A fast answer is easy. An answer you can rely on in front of a court takes a moment longer, because Mary is checking the full set of documents and making sure what she tells you is supported by what is in the matter.
Think of Mary as a research librarian
The clearest way to picture what is happening is to imagine a librarian working through a difficult request.
A good librarian does not grab the first book that looks right and hand it over. She finds the obvious source, checks the related sections, confirms which materials are actually relevant, and rules out the ones that are not. Most of that work never shows up in the final answer. It is the reason you can trust the answer when it arrives.
The part that matters most is easy to miss. Often the most valuable thing Mary can tell you is what the documents do not say. If a date is never mentioned, if a claim has no support, if a file you expected is not in the matter, that absence is a fact in its own right.
A tool that only ever confirms what you hoped to find is not doing research. It is guessing politely.
This is the whole point of Mary. In litigation, a confident wrong answer is worse than a slow one. Mary shows you where every answer comes from, and tells you when the documents do not support a conclusion. Taking a moment to check is not Mary being slow. It is Mary refusing to make something up.
What affects how long an answer takes
The size of the matter. More pages and files mean more to read and verify.
How broad the question is. A broad request covers far more ground than a focused one.
Answers spread across documents. Mary cross-checks several files before she responds.
Difficult documents. Scanned, handwritten, or low-quality files take longer to read.
Current system load. At busy times a request can queue for a moment.
As a rough guide, a focused question on a matter of a few hundred pages usually returns within about ten minutes. A broad request, such as a full summary of everything, takes longer, because there is simply more to read and verify.
How to get a faster answer
You can speed Mary up, and the trick is the same one you would use with a librarian.
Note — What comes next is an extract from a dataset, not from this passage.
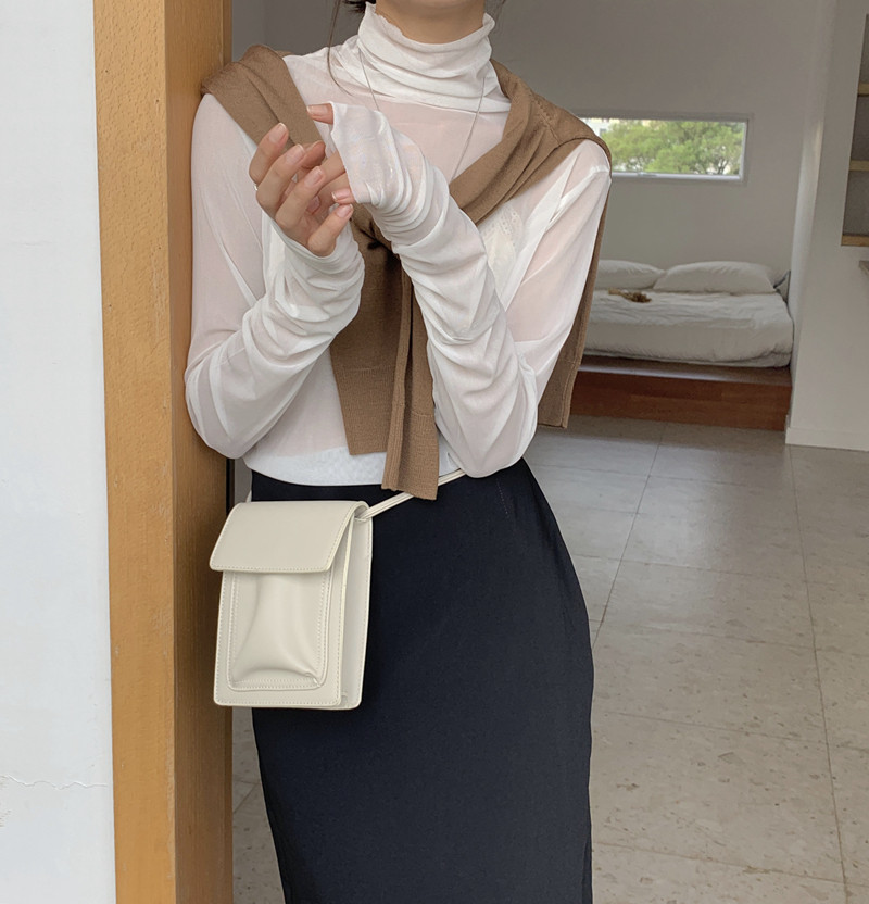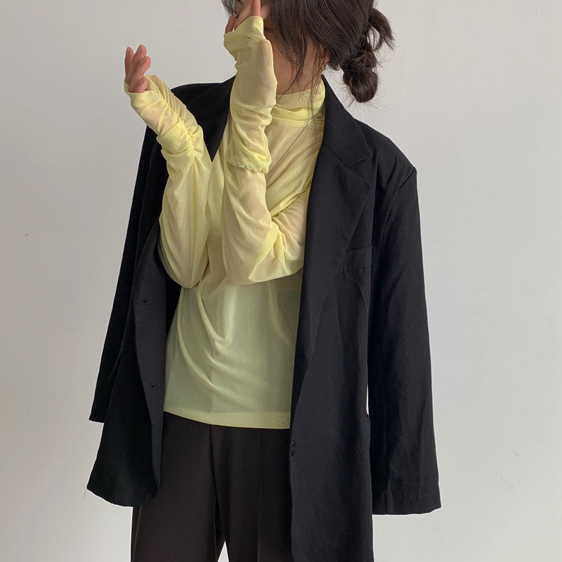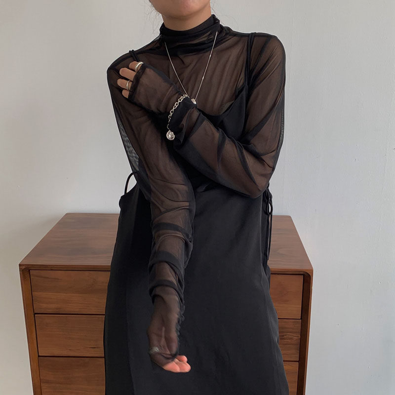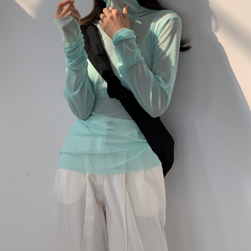 蕾丝高领打底衫内搭女春夏堆堆领防晒长袖百搭网纱上衣
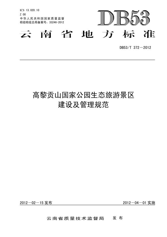 高黎贡山国家公园管理局、保山市质量技术监督局、保山市旅游局

Be specific about what you are looking for.
Ask a focused question instead of a broad one.
Name the date range, person, event, or issue you care about.
Break a large question into a few smaller ones.
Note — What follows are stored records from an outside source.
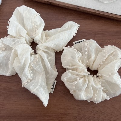 Women's Pearl Floral Mesh Hair Tie Elastic French Bun Solid Color
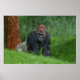 En esta emocionante imagen, un poderoso gorila de respaldo silvestre se alza en la exuberante hierba verde, con la mirada fijada hacia delante con un árbol solitario en el fondo.
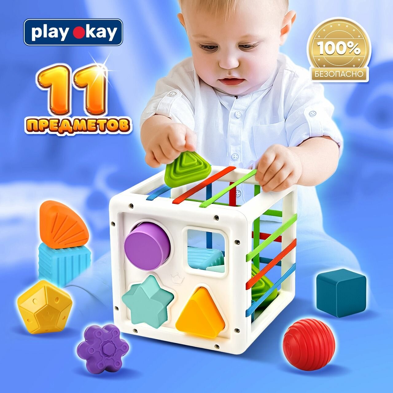 Сортер для малышей Play Okay геометрический куб головоломка, монтессори, раскладывается в доску, интеллектуальное развитие и положительные эмоции
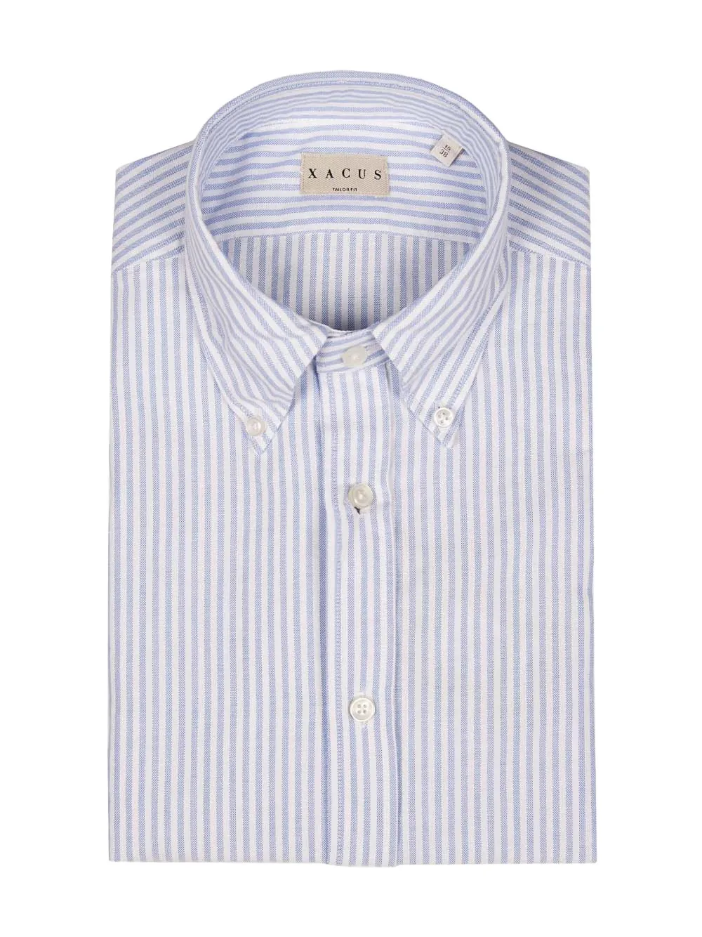 light blue striped buttoned button-down collar front button fastening long sleeves
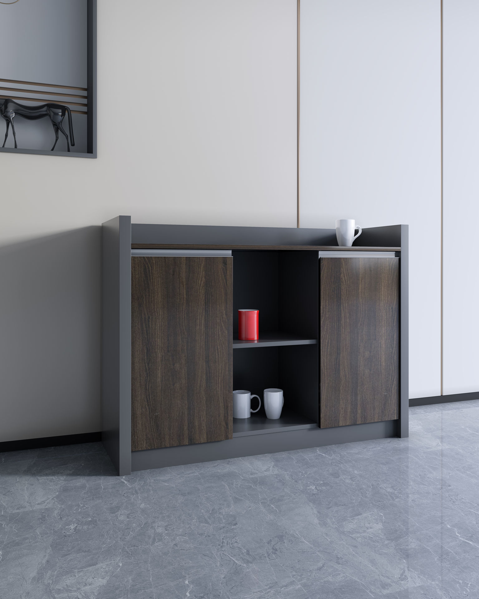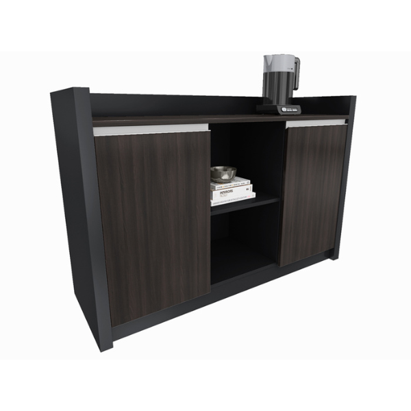 - This cupboard can be placed behind you desk to act as a credenza, used for additional storage space or a coffee/tea station for the office

If you already know which files are relevant, select them, so Mary does not search unrelated documents first.
For example, instead of asking "Summarize this matter," ask "Summarize the key events relating to the workplace injury between March 2021 and August 2022." Instead of "What happened in this case?", ask "What does the defendant say happened on the night of 12 March 2021?"
The more precisely you describe the shelf, the faster Mary can pull the right book.
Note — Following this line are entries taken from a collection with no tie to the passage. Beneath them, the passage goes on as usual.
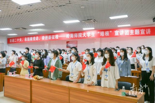 岭南师范学院团委书记林仲彦介绍,学校大学生“培根”宣讲团成立于2021年4月,一年来,100名大学生宣讲员深入师生群体、走出校门,围绕党史学习教育目标要求,通过“线上+线下”形式,累计开展党史、校史、地方史等红色主题宣讲高达202场,覆盖人数超2万人次。
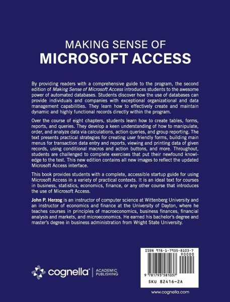 By providing readers with a comprehensive guide to the program, the second edition of Making Sense of Microsoft Access introduces students to the awesome power of automated databases. Students discover how the use of databases can provide individuals and companies with exceptional organizational and data management capabilities. They learn how to effectively create and maintain dynamic and highly functional records directly within the program. Over the course of eight chapters, students learn how to create tables, forms, reports, and queries. They develop a keen understanding of how to manipulate, order, and analyze data via calculations, action queries, and group reporting. The text presents practical strategies for creating user friendly forms, building main menus for transaction data entry and reports, viewing and printing data of given records, using conditional macros and action buttons, and more. Throughout, students are challenged to complete exercises that put their newfound knowledge to the test. This new edition contains all new images to reflect the updated Microsoft Access interface. This book provides students with a complete, accessible startup guide for using Microsoft Access in a variety of practical contexts. It is an ideal text for courses in business, statistics, economics, finance, or any other course that introduces the use of Microsoft Access.
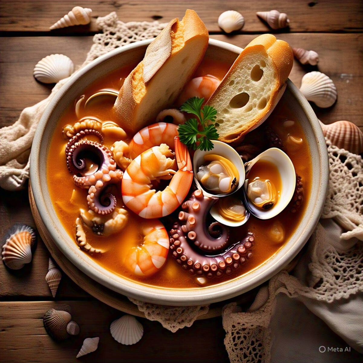 Sopa con camarones, pulpo y almeja.
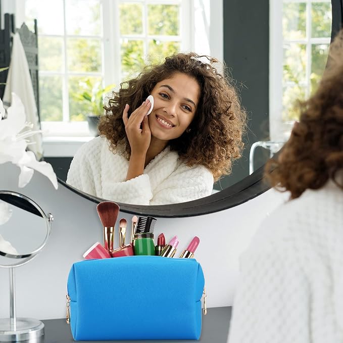 Sanwuta 9 Pcs Makeup Bags Bulk PU Double Zippers Cosmetic Bag Makeup Toiletry Pouch Portable Travel Organizers Case for Women Bachelorette Party End of The Year Bridesmaid Gift(Blue)

When something has actually gone wrong
A slow answer is normal, and usually a good sign. A frozen screen, a blank page, a dropped connection, or an error message is different. That means something has gone wrong, and we want to know.
If Mary freezes, goes blank, or shows an error:
Hard refresh your browser, then re-ask your question. Windows:
Ctrl + Shift + R. Mac:Cmd + Shift + R.If it persists, clear your browser cache for app.marytechnology.com, or try a different browser such as Chrome or Edge.
Check whether a VPN, proxy, or corporate firewall might be getting in the way.
If none of that resolves it, note roughly how long you waited and what you saw (slow, frozen, disconnected, or an error), take a screenshot, note your browser and version, and use the chat widget in the app to contact our team. We will investigate!
We are always working to make Mary faster. We will never do it by making her less careful.